The first time typing twelve words and seeing a full-fledged forest scene appear is truly surreal. As if your keyboard was a paintbrush overnight. These are tools that do not imagine. They are prediction machines. That is a fundamental difference. Every output is a statistical blend of patterns learned from huge image collections - including texture, lighting, composition, and color. If you request a melancholic lighthouse at dusk, the model produces something that statistically fits that description. It is pattern retrieval disguised as creativity.

Prompts are everything. ImgEdit Treat it like a craftsman, not a genie. Unclear prompts produce unclear results. The generic postcards are created by "Beautiful landscape. Detailed prompts like mist over terraced rice fields with late afternoon light and muted greens produce usable results. The whole game is about specificity.
Things get interesting with style transfer. Many tools allow switching styles like photorealism, watercolor, anime, architecture, or 1970s sci-fi art in a single session. One of the product photographers that I know found that she could prototype shoot ideas in a few minutes instead of renting studios. She continues doing actual shoots. She no longer spends time on poor concepts.
But hands are another story. Just ask a typical user. Artificially intelligent hands are traditionally, nearly humorous awful. Excessive fingers, incorrect joints, structural impossibilities. It is improving fast, but fingers still reveal AI-generated images.

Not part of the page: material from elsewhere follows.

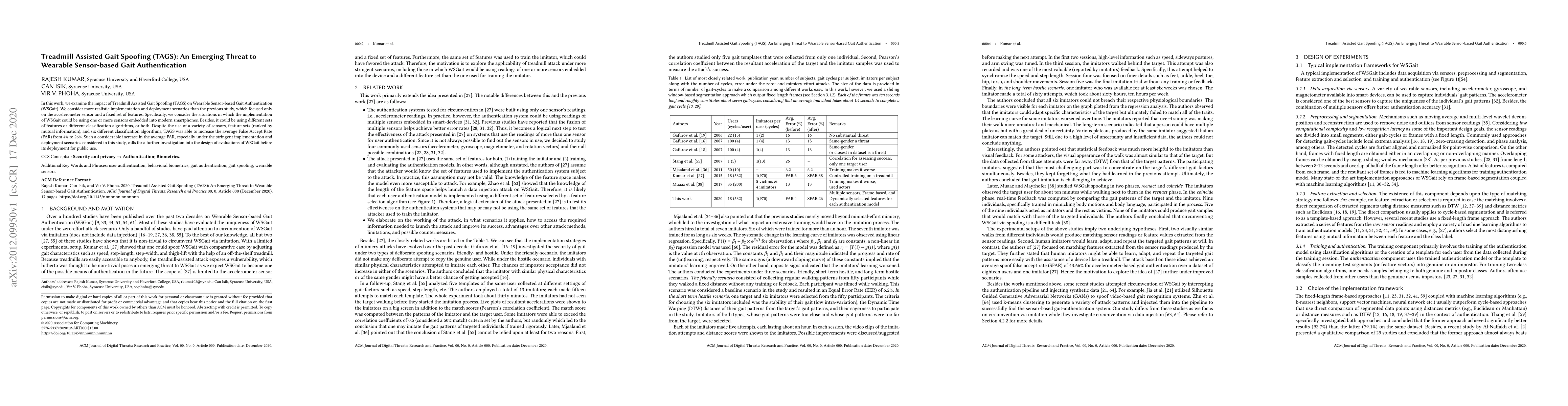 This paper investigates Treadmill Assisted Gait Spoofing (TAGS) as a threat to Wearable Sensor-based Gait Authentication (WSGait) using modern smartphone sensors, various feature sets, and classification algorithms. Despite these enhancements, TAGS significantly increased the False Accept Rate from 4% to 26%, highlighting the need for improved evaluation methods before deploying WSGait.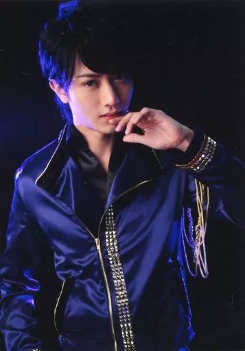 Japanese title: 生写真(男性)/俳優 太田基裕(ブルーム)/上半身・衣装紫・右向き・左手口元・背景黒/舞台「CLUB SLAZY The 2nd invitation~Sapphire~」生写真Aセット

The business aspect is important. Some platforms give full usage rights. Others keep licensing rights. Others only allow commercial use on paid plans. If you are creating business assets, read the terms carefully, at least twice.
Aspect ratio and resolution have improved. Early tools produced small, blurry images. Current outputs can be print-ready. This is a major topic for publishing and product design.
Learning curve is not steep. It starts flat, then quickly becomes steep as you discover advanced prompt control. Using negative cues gives deeper control that beginners rarely use.
Creating visual ideas has never been this fast or affordable. That alters who has the right to construct things.